A nurse is reviewing the medical record of a client who has been on levothyroxine for several months. Which of the following findings indicates a therapeutic response to the medication?

Decrease in level of thyroid stimulating hormone (TSH) *In hypothyroidism, the nonfunctioning thyroid gland is unable to respond to the TSH, and no endogenous thyroid hormones are released. This results in an elevation of the TSH level as the anterior pituitary continues to release the TSH to stimulate the thyroid gland. Administration of exogenous thyroid hormones, such as levothyroxine, turns off this feedback loop, which results in a decreased level of TSH.

A nurse is teaching a client how to draw up regular insulin and NPH insulin into the same syrine. Which of the following instructions should the nurse include?

Discard regular insulin that appears cloudy. *The nurse should teach the client to discard any regular insulin that appears cloudy, as regular insulin should be clear. NPH insulin has a cloudy appearance.

A nurse is teaching a client who has diabetes mellitus and receives 25 units of NPH insulin every morning if her blood glucose level is about 200 mg/dL. Which of the following information should the nurse include?

Expect the NPH insulin to peak in 6 to 14 hr. *NPH insulin is an intermediate-acting insulin. Its onset of action is 1 to 2 hr, peaking at 6 to 14 hr. Its duration of action is 16 to 24 hr. The client is at risk for hypoglycemia during the peak time.

A nurse is assessing a client who is taking levothyroxine.

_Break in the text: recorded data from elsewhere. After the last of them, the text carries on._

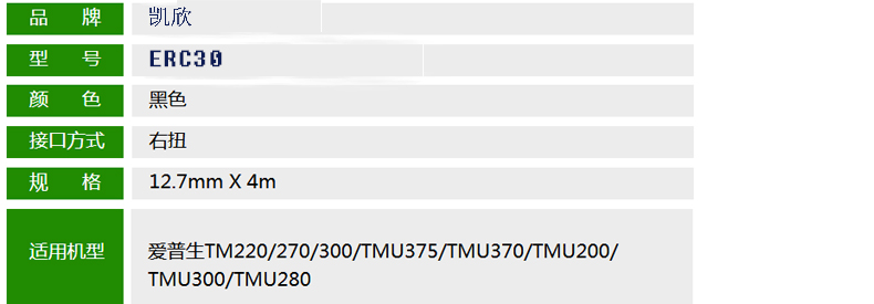商品名称:凯欣KX-ERC30色带芯(适用爱普生ERC34 ERC38 TM200 TM260 TM267 TM270 TM300 ERC30打印机)
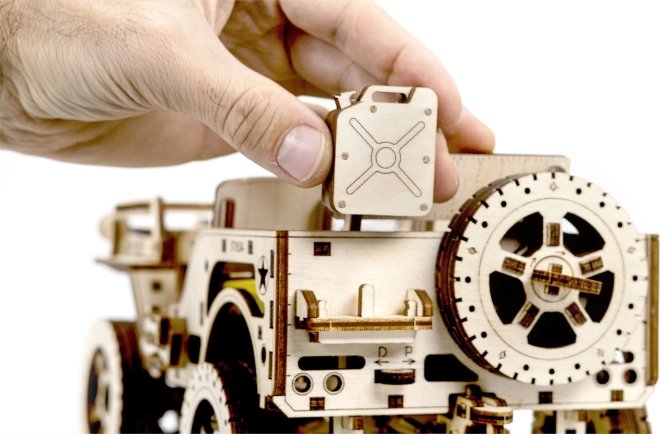 Modelul de jeep 4x4 din lemn de la WOODEN CITY este un cadou minunat pentru iubitorii de vehicule clasice și modele. Realizat din placaj de mesteacăn ecologic, acest model oferă:
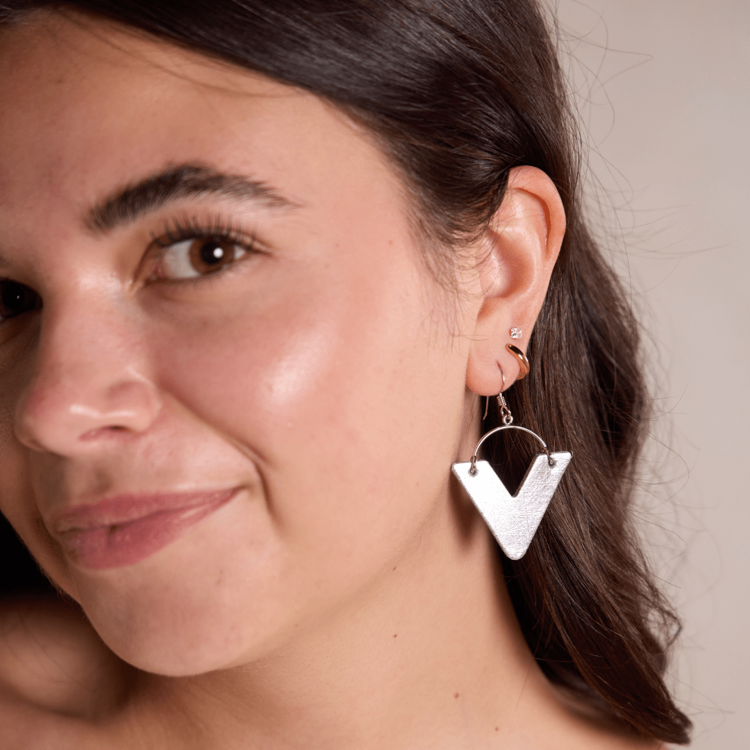 Adorn yourself with the Vintage Silver Sutton leather earrings, a lightweight geometric statement piece crafted to elevate your style. ✨ The unique vintage silver finish beautifully mimics the classic allure of metal, offering a timeless touch to any ensemble. 🌿 Experience effortless elegance with these stunning earrings, designed for comfort and captivating appeal. 💫
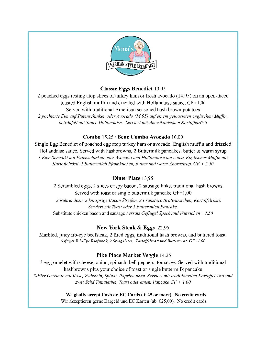 We gladly accept Cash or Debit / EC Girocards with minimum € 25.00 purchase
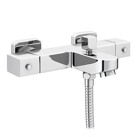 Nuie Wall Mounted Square Thermostatic Bath/Shower Mixer Valve – Bottom Outlet – Chrome – VBS005
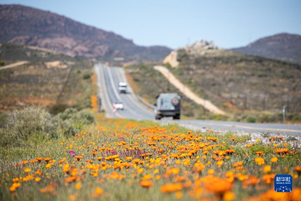 這是8月30日在南非北開普省拍攝的公路邊的野花。
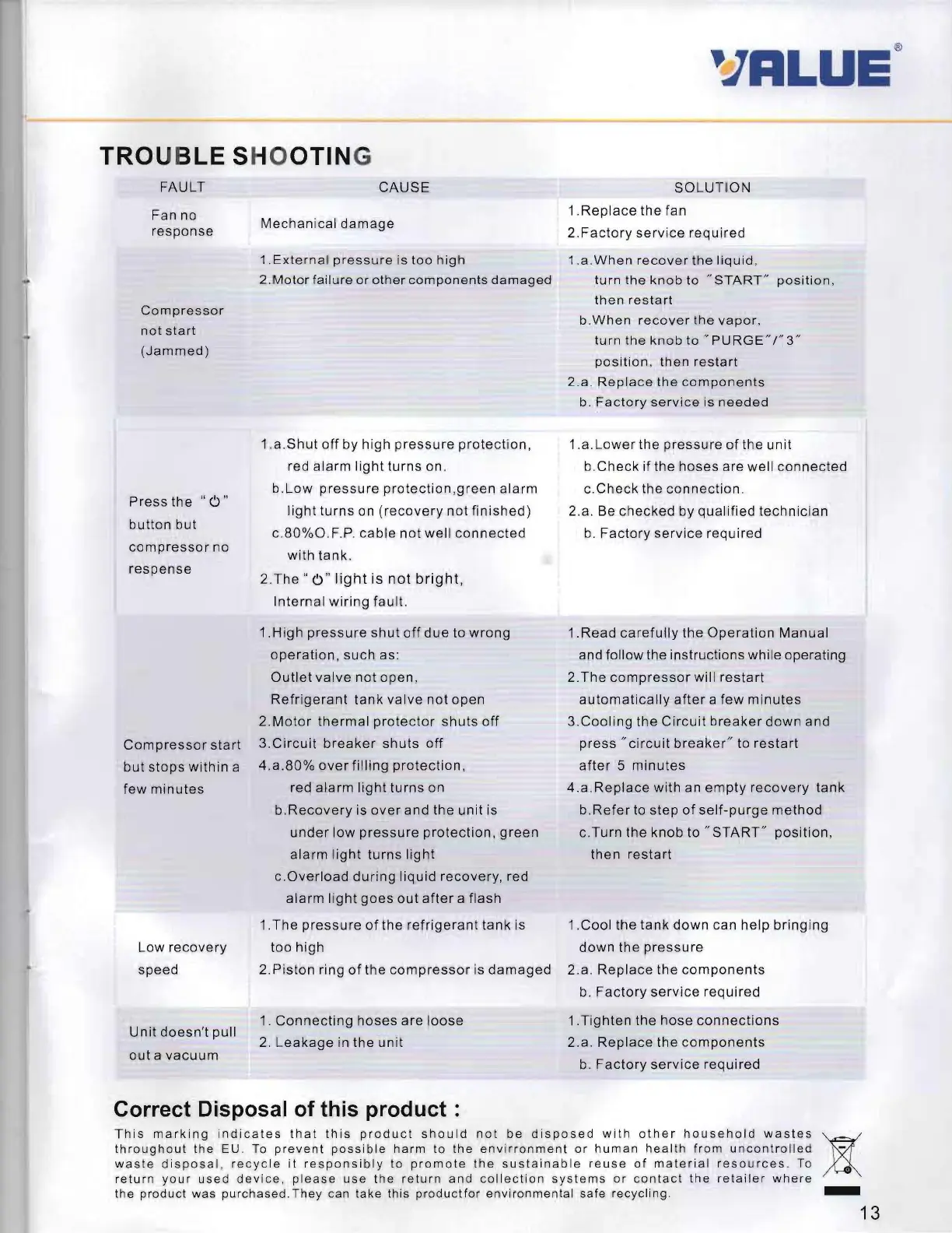 Value VRR12L-R32 - Troubleshooting; Common Faults and Solutions
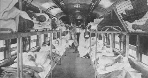 Medical Officers' Training Camp at Fort Riley, Kansas. These soldiers are not wounded but afford practical experience in the handling of wounded men on board Hospital Trains. Red Cross nurses are in attendance.

The nurse should recognize that which of the following findings is a manifestation of levothyroxine overdose?

Insomnia *Levothyroxine overdose will result in manifestations of hyperthyroidism, which include insomnia, tachycardia, and hyperthermia.

A nurse is teaching a client who has a new prescription for regular insulin and NPH insulin. Which of the following instructions should the nurse include in the teaching?

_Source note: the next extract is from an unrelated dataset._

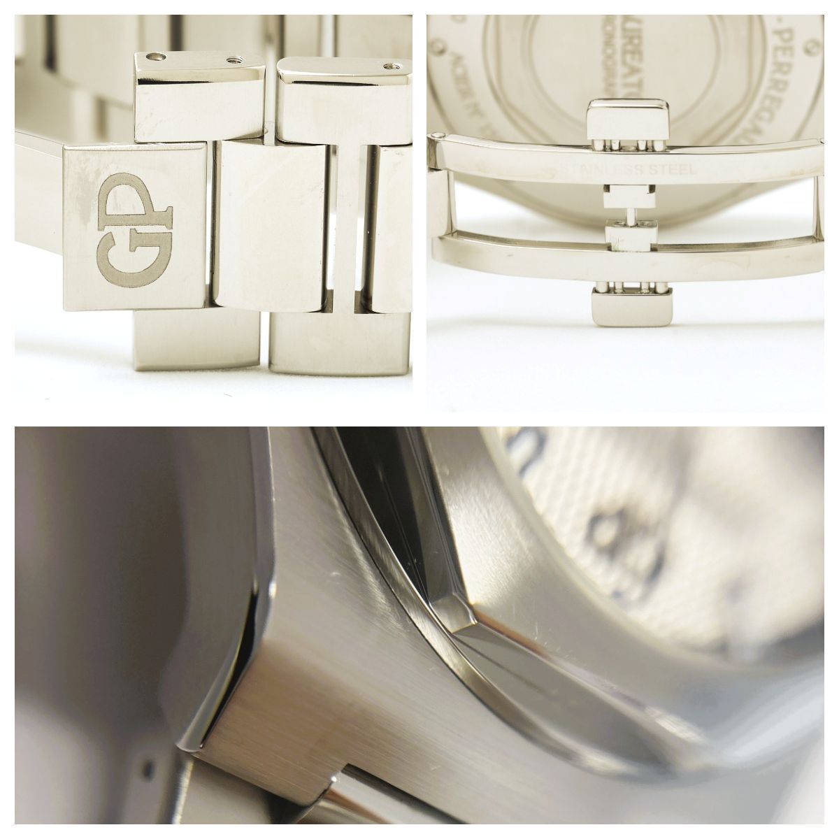 変形防止のため研磨残有り、ラグ付近擦れ跡、裏蓋傷有り
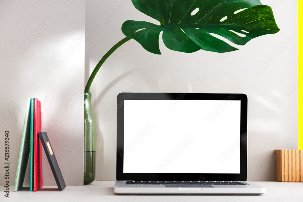 Creative home office desk in grey with a laptop mock up. Minimal workspace.

Keep the open vial of insulin at room temperature. *The client should keep the vial in use at room temperature to minimize tissue injury and to reduce the risk for lipodystrophy.

A nurse is caring for a client who is experiencing severe nausea and vomiting after a course of chemotherapy. The nurse should monitor the client for which of the following clinical manifestations?

Metabolic alkalosis *Metabolic alkalosis can occur in clients who have excessive vomiting because of the loss of hydrochloric acid.

A nurse is caring for a client who requires a medication that is packaged in a single dose glass ampule. Which of the following techniques should the nurse use when opening the glass ampule?

Tap the top of the ampule, place a sterile gauze pad around the ampule neck, and break off the top by bending it toward the body. *The nurse should tap the top of the ampule, place a sterile gauze pad around the ampule neck, and break off the top by bending it toward the body. The sterile gauze prevents broken glass coming in contact with the fingers, and bending the ampule top toward the body allows glass fragments to spray away from the nurse.

A nurse is teaching a client about the AE of cisplatin. Which of the following AE should the nurse include in the teaching?

Tinnitus *Tinnitus and hearing loss are adverse effects of cisplatin.